I no not know if you have had your surgery or not yet but I have a j pouch which I have had for 14 years and I have had no problems going to the toilet about 5 times a day mostly at night or in the early morning.Just lately I have been getting a lot of pains in my stomach and i have been told it is the scar tissues and the pain is unbelievable has any one else got the same problem.
Honestly if I could go back in time I wouldnt have gotten the removal of the large intestine and a j-pouch... since i've gotten that surgery 6 years ago i've had nothing but problems with it. Although i have Ulcerative Colitis and that could be one of the reasons. Just make sure you get a second opinion. Like the poster trudie said the first 6 months r usually difficult because of the healing time. And for awhile you'll always wanna kno that there is a bathroom close by.

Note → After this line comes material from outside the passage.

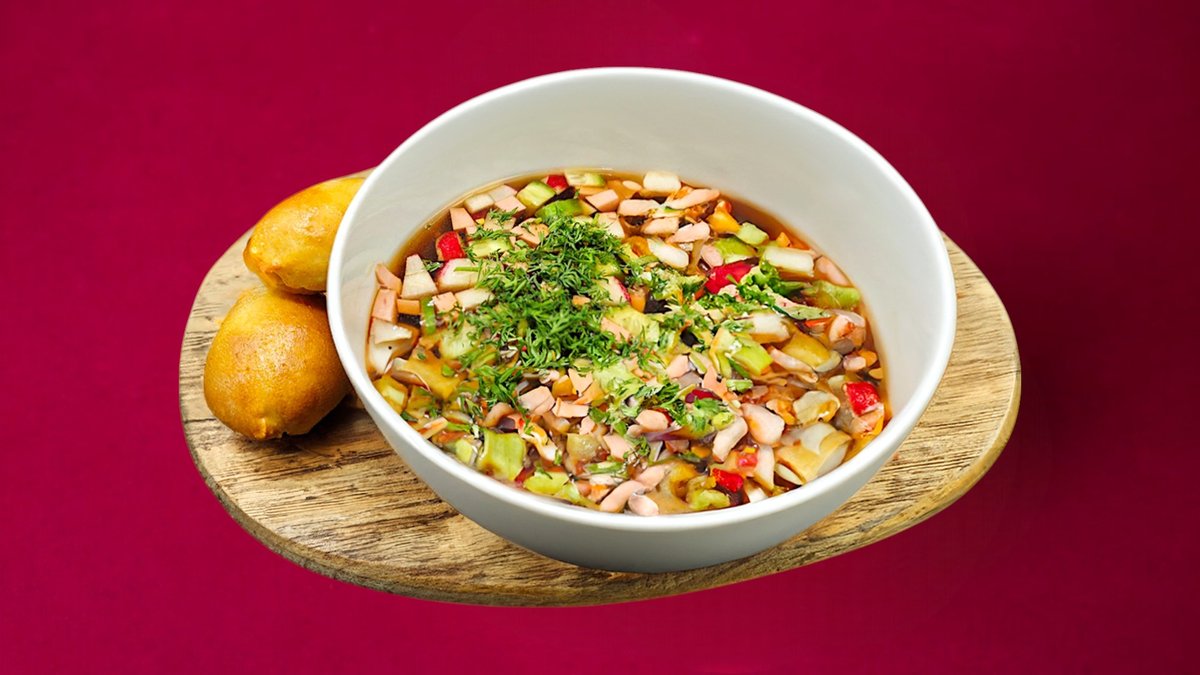 Σούπα Okroshka (Kvass) & Μίνι Κρεατόπιτα

However, if I were in your situation I suppose I would ask the following questions:-
- is the "defecating experience" after the ileoanal/J pouch worse/more troublesome than the defecating experience after the ileorectal?? In other words does the experience of the J pouch impinge on your life to a much greater extent for whatever reasons??
- if so, then is it possible to undergo the ileorectal procedure, then keep a close eye via regular sigmoidoscopies on the state of the rectum, and then if the rectum starts to look "pre-cancerous (or whatever) convert the "ileorectal" into an "ileoanal". Can one assume that if in the future, the ileorectal is converted to an ileoanal, then the removal of the cancerous rectum will not have increased the risk of any metastising elsewhere??